Ese verano de 1950, varias de ellas decidieron ir a merendar al Confital. Desde mi casa en la Isleta, nos fuimos caminando hasta allí. Mi madre me dejó ir, pero con un poco de reserva y me dijo: “ tu no te bañes, que el mar por el Confital es muy peligroso, y te puede pasar algo”. Yo sabia que ella tenia miedo, y desde luego, motivos tenía para ello. Cuando pequeña, se le habían ahogado dos hermanos en el mar al ir a ver a un submarino alemán que había recalado por el antiguo Muelle de las Palmas. Le cogieron el bote que mi abuelo tenía en el Sanapú, y al llegar cerca del muelle, se les viró el bote. Uno de ellos no sabía nadar, y su hermano tratando de salvarlo también se ahogó.

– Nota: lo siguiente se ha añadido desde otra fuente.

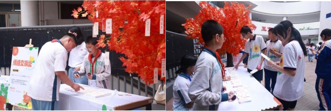 活動(dòng)攤位前排隊(duì)最長(zhǎng)的是——樹洞帳篷,走進(jìn)帳篷的同學(xué)都會(huì)發(fā)認(rèn)真翻閱上一位同學(xué)留下的暖心祝福:“雖然不認(rèn)識(shí)你,但相信你一定超棒!”“中考加油,你比自己想象的更強(qiáng)大!”傾訴與傾聽的雙向互動(dòng),讓壓力釋放,讓善意流動(dòng)。

Desde entonces, mi madre, le cogió respeto al mar, y como consecuencia, no me dejaba bañarme en el. Pero bueno… esto era distinto, solo íbamos a merendar. Y así lo hicimos. Metimos en una talega unos bocadillos y unos refrescos, y andando, que los tiempos no estaban para muchos lujos. Pasamos la tarde jugando, cogiendo sol y remojándonos en los charcos. Allí no había peligro. Pero…. de repente aparecieron unos amigos de las chicas con un bote, venían de la Puntilla y nos invitaron a regresar con ellos. Decían que era mas rápido, más divertido, se les veía que las querían impresionar. Y vaya si las impresionó. Era una invitación atractiva y emocionante, una aventura navegar por detrás de la Barra. Subimos todas encantadas de hacer algo nuevo, nos acomodamos como pudimos, pues éramos muchas y empezó la travesía, íbamos cantando y riendo felices. Cuando nos acercábamos a la Barra, el bote no obedecía, y aunque remaban y remaban con fuerza, se iba derecho a las rocas. Por esa zona había mucha corriente, la mar estaba de reboso y los muchachos no atinaban con el pasillo de entrada. Ya no cantábamos, las chicas empezaron a ponerse nerviosas y algunas de ellas rompieron a llorar. De repente, desde La Puntilla, donde hoy está ubicado el Restaurante La Marinera, oímos que alguien gritaba con un megáfono o cosa así “ boguen pá fuera,” “boguen pá fuera”…. Yo iba sentada en el fondo del bote, pues estaba lleno hasta los topes. En esto, cuando pensábamos que nos estrellábamos contra la Barra, vimos que se nos acercaba un pescador en un barquillo pequeño y remando de píe. Varias de las chicas, las más nerviosas, se pasaron con el. Yo me quedé en el bote sentada viendo como el pescador nos guiaba a través del corte que hay en la barra, por donde ellos salen a pescar, sorteando las olas y peñas con una soltura, digna de un malabarista hasta dejarnos dentro, sanas y salvas. El mar, desde la Barra hasta la orilla, estaba como un plato. Recuerdo que no fui consciente del peligro que habíamos pasado. Bendita ignorancia. Cuando llegamos a la orilla, nos metimos todas en el agua a nadar y a reírnos como si no hubiera pasado nada… mi madre nunca se enteró. Díos nos libre.